*** Opening of Information provided ***

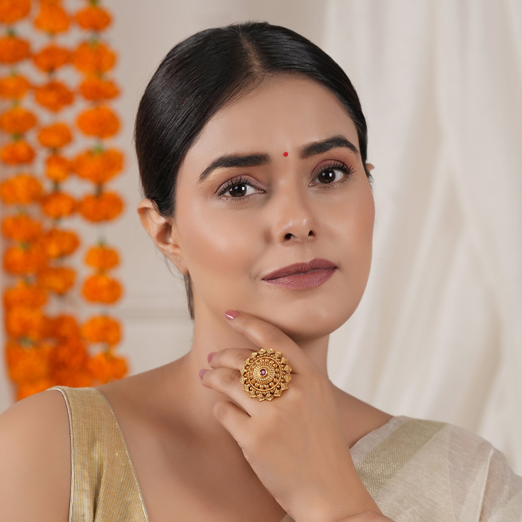 Traditional beautiful antique gold finger ring is a timeless piece that will provide you with years of beautiful wear. The metal-brass alloy with gold plating is made to last. Traditional beautiful antique gold finger ring is show-stopping and comes in traditional Indian design with gold plating and handwork. Traditional beautiful antique gold finger ring get free shipping even on Cash on delivery
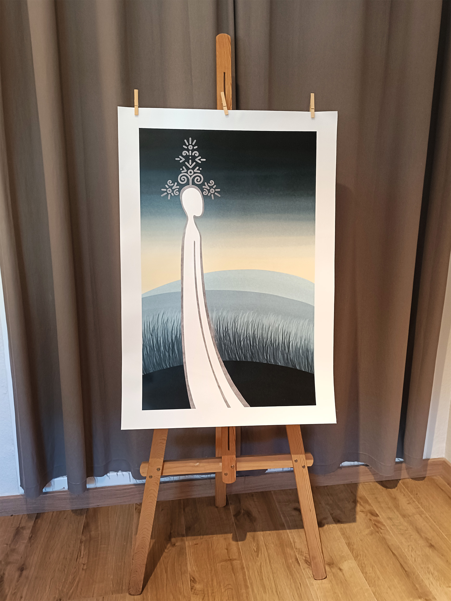 54 x 85 cm plus une marge blanche assez large pour pouvoir l’adapter à la taille de votre cadre.
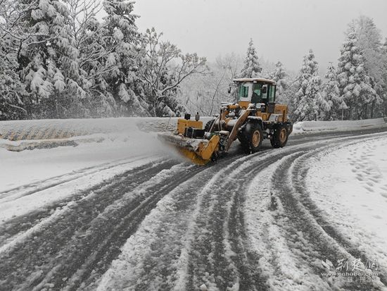 在各重點(diǎn)路段,工作人員迅速設(shè)置提示牌,并及時(shí)砍伐被積雪壓倒的楠竹等樹(shù)木。此外,還通過(guò)人工鏟雪、機(jī)械撒工業(yè)鹽等措施,爭(zhēng)取在最短的時(shí)間內(nèi)搶通受冰雪影響的道路。

*** Close of Information provided ***

◆ What is expected ◆
The entire listing is to be printed exactly, with each picture omitted.

◆ Task solution ◆
 Traditional beautiful antique gold finger ring is a timeless piece that will provide you with years of beautiful wear. The metal-brass alloy with gold plating is made to last. Traditional beautiful antique gold finger ring is show-stopping and comes in traditional Indian design with gold plating and handwork. Traditional beautiful antique gold finger ring get free shipping even on Cash on delivery
 54 x 85 cm plus une marge blanche assez large pour pouvoir l’adapter à la taille de votre cadre.
 在各重點(diǎn)路段,工作人員迅速設(shè)置提示牌,并及時(shí)砍伐被積雪壓倒的楠竹等樹(shù)木。此外,還通過(guò)人工鏟雪、機(jī)械撒工業(yè)鹽等措施,爭(zhēng)取在最短的時(shí)間內(nèi)搶通受冰雪影響的道路。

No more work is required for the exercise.